▶ PROBLEM TO SOLVE
The following data is to be repeated exactly, its pictures excluded.

== PROVIDED DATA ==

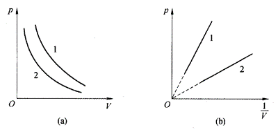41.如图(a)和(b)所示,两个图线1、2分别代表一定质量的气体的两个等温变化过程。请在图(a)和(b)中分别判定哪一个等温过程中的气温高,并说明理由。
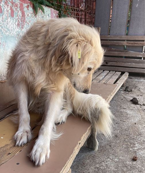 JONNE ist wieder aus der Klinik zurück. Er wurde geschoren und sitzt jetzt zu seiner eigenen Sicherheit im Transportwägelchen. In den Kennel, in dem er gebissen wurde, kann er nicht zurück und auch eineer Kennel steht im Moment nicht zur Verfügung. JONNE sollte jetzt bitte dringend ausreisen!
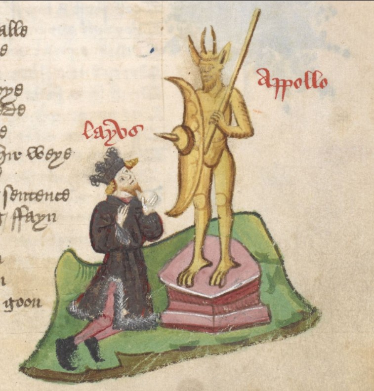 Londra, British Library, Harley 1766, f. 43r. Laio prega inginocchiato dinanzi una statua di Apollo.

===

▶ EXPECTED ANSWER
41.如图(a)和(b)所示,两个图线1、2分别代表一定质量的气体的两个等温变化过程。请在图(a)和(b)中分别判定哪一个等温过程中的气温高,并说明理由。
 JONNE ist wieder aus der Klinik zurück. Er wurde geschoren und sitzt jetzt zu seiner eigenen Sicherheit im Transportwägelchen. In den Kennel, in dem er gebissen wurde, kann er nicht zurück und auch eineer Kennel steht im Moment nicht zur Verfügung. JONNE sollte jetzt bitte dringend ausreisen!
 Londra, British Library, Harley 1766, f. 43r. Laio prega inginocchiato dinanzi una statua di Apollo.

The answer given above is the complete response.